Exercise requirements: Records follow. Print exactly the lines from the one that has "外壁カバー工事はまず下地とな" through the one that has "Nagy Vilmos festménye", inclusive, and omit the pictures.

Exercise material:
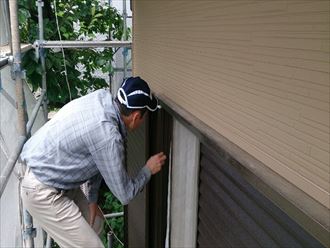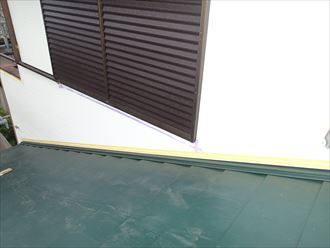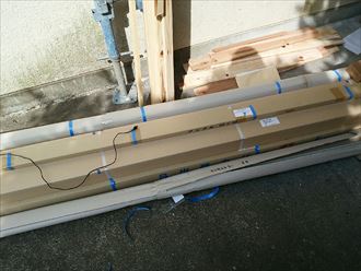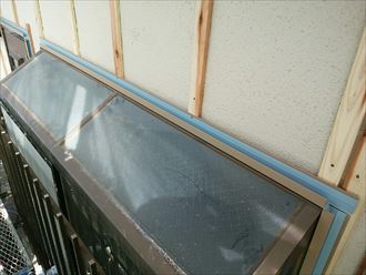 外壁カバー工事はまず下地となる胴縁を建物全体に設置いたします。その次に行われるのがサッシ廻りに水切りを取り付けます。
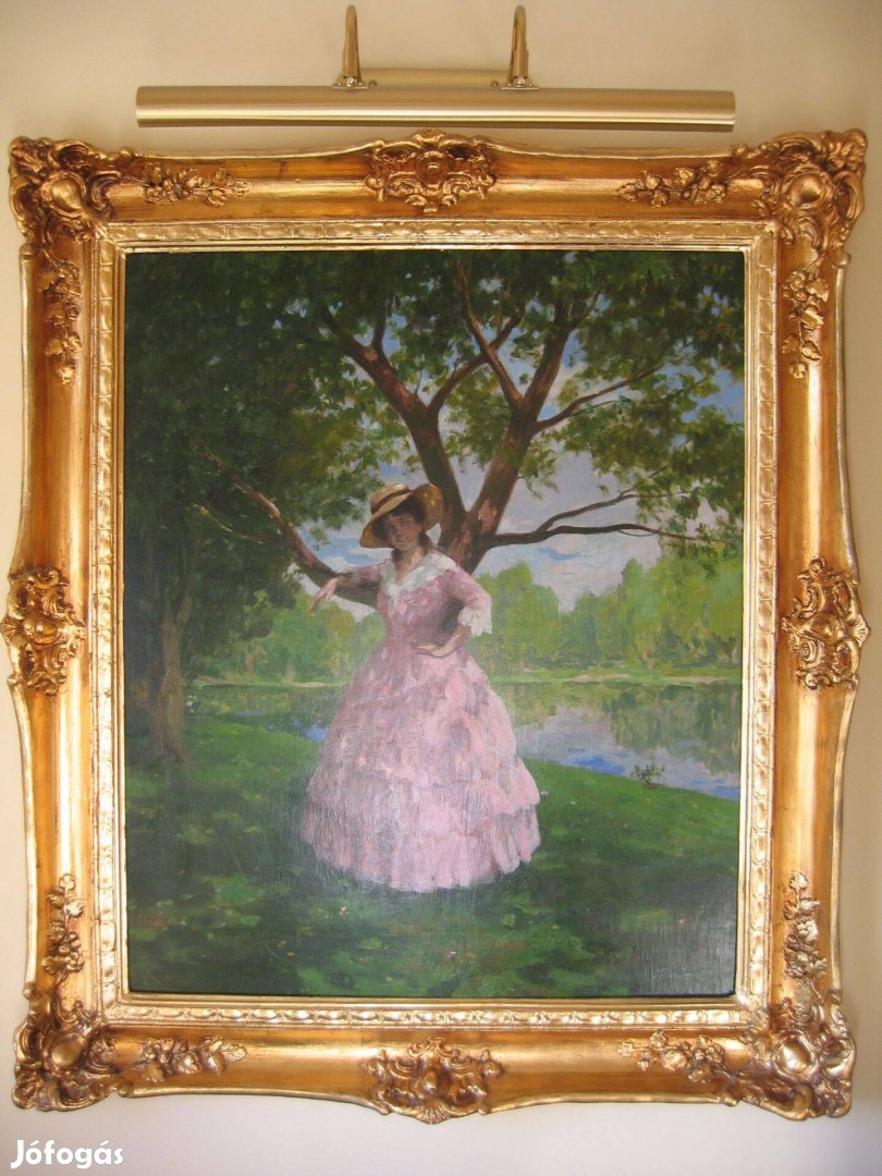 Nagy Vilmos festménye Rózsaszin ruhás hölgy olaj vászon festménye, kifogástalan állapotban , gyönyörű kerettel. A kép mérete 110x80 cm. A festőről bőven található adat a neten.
---
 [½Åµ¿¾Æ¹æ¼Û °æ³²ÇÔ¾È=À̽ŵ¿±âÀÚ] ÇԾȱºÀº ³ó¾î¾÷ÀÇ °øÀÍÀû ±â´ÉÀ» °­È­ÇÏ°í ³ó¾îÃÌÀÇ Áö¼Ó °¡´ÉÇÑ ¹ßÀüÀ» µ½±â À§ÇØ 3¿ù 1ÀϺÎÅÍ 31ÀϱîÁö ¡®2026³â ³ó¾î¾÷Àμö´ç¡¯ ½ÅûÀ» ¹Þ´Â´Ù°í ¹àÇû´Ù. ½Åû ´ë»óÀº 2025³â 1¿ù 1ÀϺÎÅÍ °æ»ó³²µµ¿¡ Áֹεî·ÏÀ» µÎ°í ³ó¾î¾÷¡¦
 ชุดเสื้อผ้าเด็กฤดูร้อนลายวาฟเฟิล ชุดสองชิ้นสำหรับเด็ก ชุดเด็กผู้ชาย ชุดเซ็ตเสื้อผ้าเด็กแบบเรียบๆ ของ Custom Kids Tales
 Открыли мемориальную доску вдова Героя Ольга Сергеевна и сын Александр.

Completed exercise:
 外壁カバー工事はまず下地となる胴縁を建物全体に設置いたします。その次に行われるのがサッシ廻りに水切りを取り付けます。
 Nagy Vilmos festménye Rózsaszin ruhás hölgy olaj vászon festménye, kifogástalan állapotban , gyönyörű kerettel. A kép mérete 110x80 cm. A festőről bőven található adat a neten.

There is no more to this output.